━━ PROVIDED DATA ━━
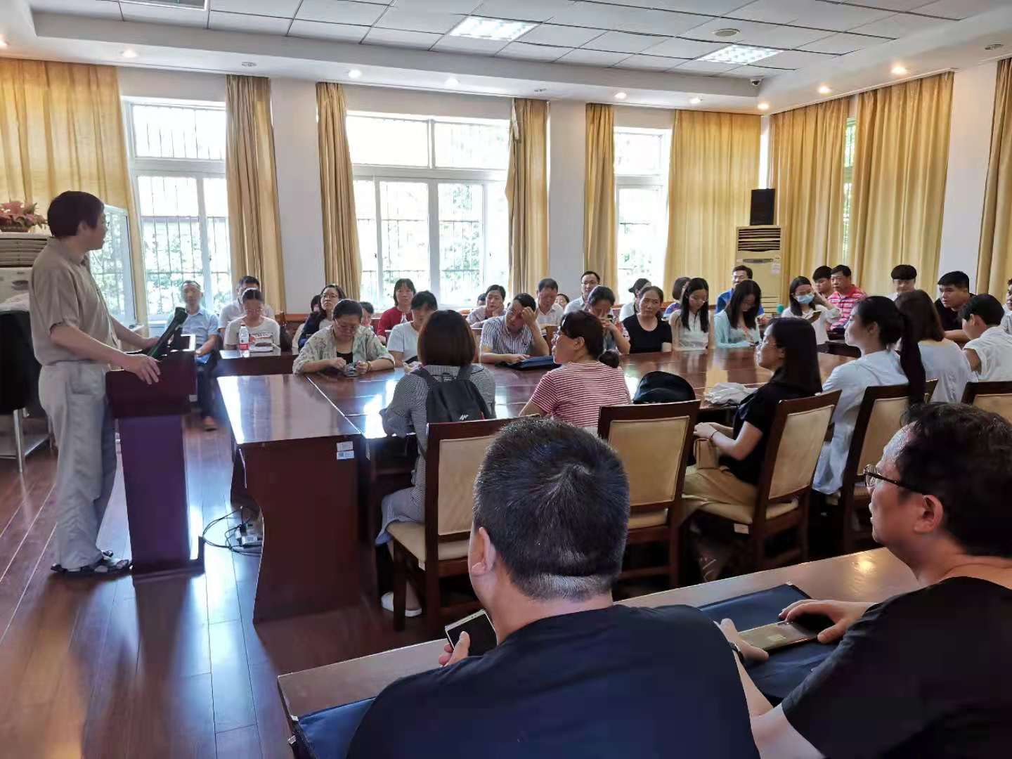 7月12日,由生物科学与技术学院主办的2021年江苏省高等职业院校教师“食品安全与传染病防控”培训班成员50多人来中心参观。
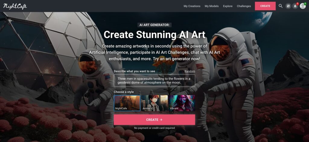NightCafe Creator is a web and mobile AI art generation platform that transforms text prompts into images using multiple models including Stable Diffusion, DALL-E 3, and Flux.
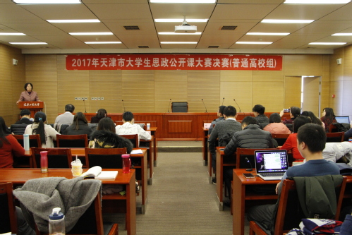 12月24日,由天津市委教育工委、天津市教委主办、虎牙平台承办的2017年天津市大学生思想政治理论课公开课(普通高校组)决赛在我校会议中心举行。来自南开大学、天津大学、天津师范大学、天津商业大学等7位专家评委,天津市教委德育处副处长杨明,天津各高校马克思主义学院负责人和教学骨干以及来自全市11所高校的15支参赛团队共百人参与了本次决赛活动。
━━━
Please give the data above again in exact form and omit every picture.

▶ [SOLVED EXERCISE]
 7月12日,由生物科学与技术学院主办的2021年江苏省高等职业院校教师“食品安全与传染病防控”培训班成员50多人来中心参观。
NightCafe Creator is a web and mobile AI art generation platform that transforms text prompts into images using multiple models including Stable Diffusion, DALL-E 3, and Flux.
 12月24日,由天津市委教育工委、天津市教委主办、虎牙平台承办的2017年天津市大学生思想政治理论课公开课(普通高校组)决赛在我校会议中心举行。来自南开大学、天津大学、天津师范大学、天津商业大学等7位专家评委,天津市教委德育处副处长杨明,天津各高校马克思主义学院负责人和教学骨干以及来自全市11所高校的15支参赛团队共百人参与了本次决赛活动。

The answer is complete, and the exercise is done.